The oxazolones obtained react with compounds having a reactive hydrogen atom, hereinafter referred to as XH, with ring opening to form linear addition products according to the equation wherein R1, R2 and R3 have the meaning given earlier.

They are therefore available in a variety of ways as organic intermediates can be used, in particular those products of the process in which R3 is a polymerizable group is used for the production of polymers, the pach the above scheme with bifunctional compounds, such as primary aliphatic Diamines, are crosslinkable.

Example 1: 60 g of methyl N-methacryloyl-aaminoisobutyrate stabilized with 0.5% hydroquinone (Melting point 98-990 c) as a melt within 30 minutes at 15 Torr by a vertical one with Raschig rings, stainless steel coils or 40 cm long tube filled with coarse-grained quartz and heated to 220 - 2300 C and 4 cm in diameter. The reaction mixture emerging in gaseous form at the lower end of the tube is condensed in a cooler.

Distillation of the condensate at 12 torr gives 2-isopropenyl-4,4-dimethyloxazolone-5 obtained in pure form at a boiling point of 63 - 640 C.

Example 2: A melt stabilized with 0.5 β hydroquinone 60 g of N-methacryloyl-a-aminoisobutyric acid (melting point 160-1620 C) is within of 30 minutes at 2600 C under normal pressure in the apparatus described in Example 1 implemented. 2-Isopropenyl-4,4-dimethyloxazolon-5 is from the reaction mixture with Petroleum ether extracted and then distilled in vacuo (boiling point 45 - 460 c / o, 6 torr).

Example 3: Gives through the reaction tube described in Example 1 within 45 minutes at 2800 C a solution of 40 g of N-methacryloyl-1-aminocyclohexanecarboxylic acid in 50 ml of dimethylformamide. The dimethylformamide is distilled off from the reaction mixture and then the distillation residue to separate the unreacted starting product of the educated Oxazolone added to petroleum ether. After evaporation of petroleum ether and crystallization of the residue from ethyl acetate give 2-isopropenyl-4,4-pentamethyleneoxazolone-5 (Melting point 53-540 C).

Example 4 Analogously to Example 1, 60 g of N-acryloylaminoisobutyric acid are used (Melting point 186-1870 c), stabilized with 0.5% hydroquinone, at 2600 C / 14 Torr implemented. The reaction mixture becomes 2-vinyl-4,4-dimethyloxazolone-5 with Petroleum ether extracted and then by vacuum distillation (boiling point 26 - 280 C - 0.5 Torr).

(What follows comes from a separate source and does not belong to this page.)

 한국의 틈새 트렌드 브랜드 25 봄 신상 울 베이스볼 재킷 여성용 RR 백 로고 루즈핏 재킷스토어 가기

Example 5: 60 g of N-methacryloyl-α-aminoisobutyric acid stabilized with 0.5% hydroquinone is allowed to melt over the tube walls heated to 2600 ° C. within 30 minutes of a thin film evaporator. The reaction product becomes after condensation worked up in a cooler connected downstream of the thin-film evaporator as in Example 2.

Example 6s 10 g of N-methacryloyl-a-aminoisobutyric acid, dissolved in 50 ml of diethylene glycol dibutyl ether are at 2500 C and 12 Torr in the example 1 described apparatus dehydrated.

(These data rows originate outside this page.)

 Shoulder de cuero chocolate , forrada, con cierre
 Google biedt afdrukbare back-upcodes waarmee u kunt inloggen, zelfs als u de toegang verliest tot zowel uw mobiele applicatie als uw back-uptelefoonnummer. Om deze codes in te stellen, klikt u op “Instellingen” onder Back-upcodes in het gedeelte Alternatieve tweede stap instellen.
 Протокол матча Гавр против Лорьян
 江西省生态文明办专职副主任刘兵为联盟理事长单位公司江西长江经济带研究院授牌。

The 2-isopropenyl-4, 4-dimethyl-oxazolon-5 formed is by vacuum distillation isolated.

Example 7: In 50 ml of an isomer mixture of triaryldimethanes (Marlotherm S, Chemische Werke Hüls) 10 g of N-methacryloyl-α-aminoisobutyric acid are dissolved and C, 05 g hydroquinone.

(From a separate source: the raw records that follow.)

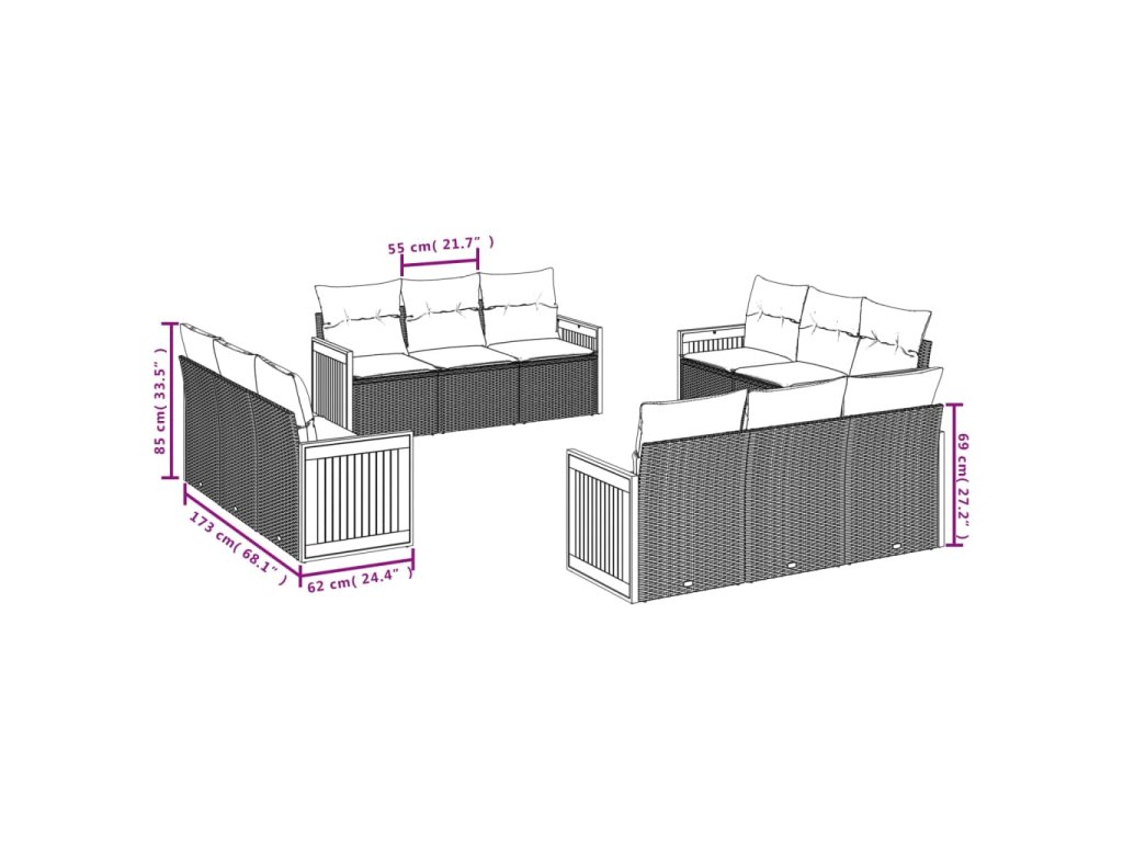 Tato zahradní sedací souprava je dokonalým doplňkem vaší zahrady, terasy nebo dvorku a poskytne vám pohodlné a příjemné místo, kde si můžete povídat s rodinou a přáteli nebo jen tak odpočívat a užívat si pobyt venku.
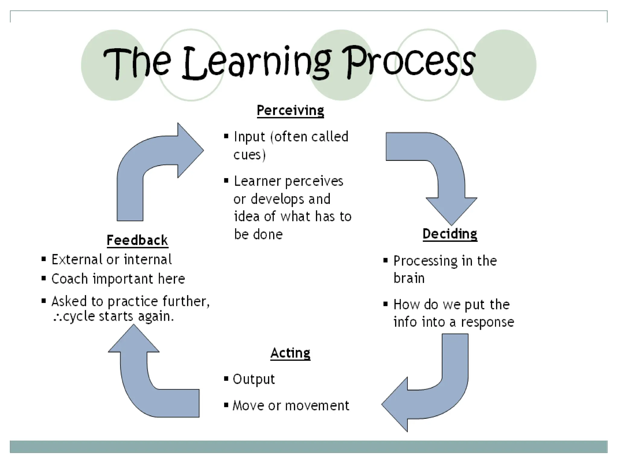 The document provides an overview of the learning process, defining it as a change in behavior resulting from experience and practice, and highlights that learning occurs across various stages in life and among all living beings. It outlines principles and theories of learning, including behavioral, cognitive, and social constructivism, emphasizing methods such as participation and relevance in enhancing learning. Various domains and theories of learning are discussed, including multiple intelligences and brain-based learning, along with practical classroom strategies to support effective learning.
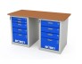 Цвет: корпус верстака - серый Ral 7035, лицевая панель тумбы Ral 5005. Поставляется в разобранном виде.
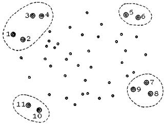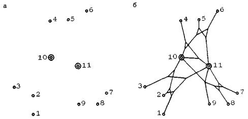 Рис. 29. Пример построения сети с двумя целевыми точками: а - заданное размещение точек; точки 10 и 11 - целевые; задача сводится к построениям в трех полигонах типа B: во всех трех случаях одно подмножество образуют целевые точки 10 и 11, а второе - точки (1, 2, 3), (4, 5, 6), (7, 8, 9) соответственно; б - построенная сеть 2.2.12. В некоторых случаях удобно разбить множество целевых точек на группы, для каждой из которых построить свою интегральную сеть (такую сеть будем называть групповой), осуществить суперпозицию групповых сетей, а затем интегрирование полученной сети. Пусть, например, заданные точки расположены так, как это показано на рис. 30 (целевые точки обозначены двойным кружком и пронумерованы). Предположим, что в ареал влияния каждой целевой точки входят все заданные исходные точки. В данном случае удобно разбить множество целевых точек на группы (1, 2, 3, 4), (5, 6), (7, 8, 9) и (10, 11). Каждая из выделенных групп образует вместе со множеством исходных точек полигон типа B. После построения групповых сетей удобно произвести их попарное кооперирование: сети (1, 2, 3, 4) с сетью (7, 8, 9), а сети (5, 6) с сетью (10, 11), и лишь после этого переходить непосредственно к синтезу интегральной сети из построенных двух групповых сетей (1, 2, 3, 4, 5, 7, 8, 9) и (5, 6, 10, 11).

This solution is under a moderate stream of nitrogen at 100 torr heated to 2500 C. The condensate occurring in a separator is according to the example 2 elaborated; Example 8t In one with a heatable dropping funnel, stirrer and distillation attachment The 1 l three-necked flask is provided with 250 ml of paraffin oil and heated to 2500 ° C. while stirring. At a pressure of 70-100 Torr, 60 g at 0.5 are left in the course of 30 minutes % Hydroquinone was added to N-methacryloyl-α-aminoisobutyric acid melted in the dropping funnel drip.

The 2-isopropenyl-4,4-dimethyl-oxazolon-5 formed is via a Distillation attachment removed.

Claims (1)

Process for the preparation of substituted oxazolones of the general formula from acylaminocarboxylic acids or esters of the formula where in both formulas R1 and R2 denote lower alkyl radicals or, taken together with the adjacent G atom, form a carbocyclic ring, R is an alkyl or alkenyl radical and R is hydrogen or a lower alkyl radical, characterized in that the acylaminocarboxylic acids or esters in pure distribution or be heated in a thin layer to temperatures above 2000 C.